[Data to process]
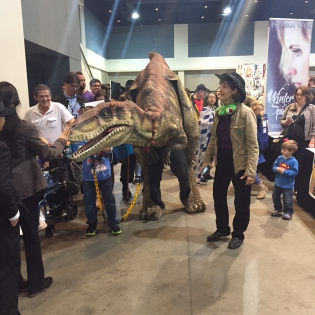 Finally, we enjoyed watching all the cosplayers (and dorks like me, just showing off our nerd pride with t-shirts). Especially this DINOSAUR! He went right up and tried to bite my dude – what nerve!
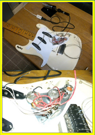 ついでに外したテキサススペシャルをコンポのストラトに搭載してみた。配線ケーブルもBELDENを使い、半田付けも丁寧にしてみたら・・・・あれっ前より音が良くなった?もしかしたら使えるギターになるかもとピックガードやカバーパーツを全て白に統一してお洒落にしてみた。
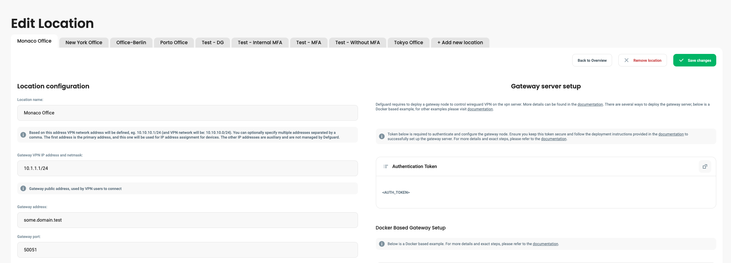 * `DEFGUARD_TOKEN` ,`-t <TOKEN>` - Token displayed in the Defguard Core web UI after completing the network wizard. It can be copied from the "Authentication Token" section on the Location Settings page.
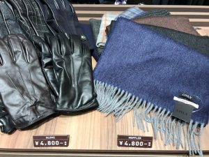 まずは、今の時期にコートと合わせてご用意して頂きたい「マフラー」と「手袋」をご紹介~♪
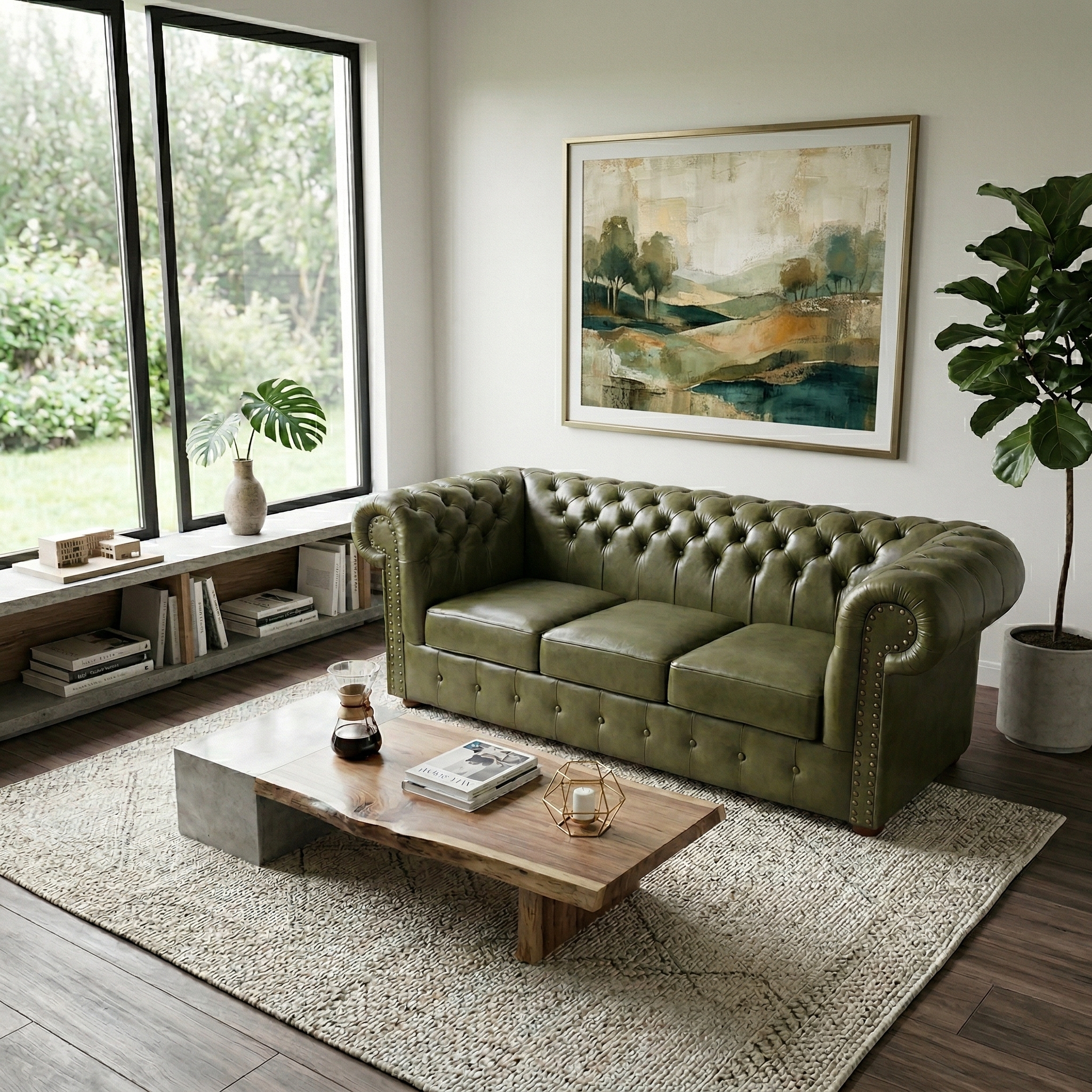 Chesterfield Bank Leder Olijf 2,00 m
[/Data to process]
### Task statement
The records above should be written out in full and unchanged, except that pictures are dropped.

### Solution to this problem
 Finally, we enjoyed watching all the cosplayers (and dorks like me, just showing off our nerd pride with t-shirts). Especially this DINOSAUR! He went right up and tried to bite my dude – what nerve!
 ついでに外したテキサススペシャルをコンポのストラトに搭載してみた。配線ケーブルもBELDENを使い、半田付けも丁寧にしてみたら・・・・あれっ前より音が良くなった?もしかしたら使えるギターになるかもとピックガードやカバーパーツを全て白に統一してお洒落にしてみた。
 * `DEFGUARD_TOKEN` ,`-t <TOKEN>` - Token displayed in the Defguard Core web UI after completing the network wizard. It can be copied from the "Authentication Token" section on the Location Settings page.
 まずは、今の時期にコートと合わせてご用意して頂きたい「マフラー」と「手袋」をご紹介~♪
 Chesterfield Bank Leder Olijf 2,00 m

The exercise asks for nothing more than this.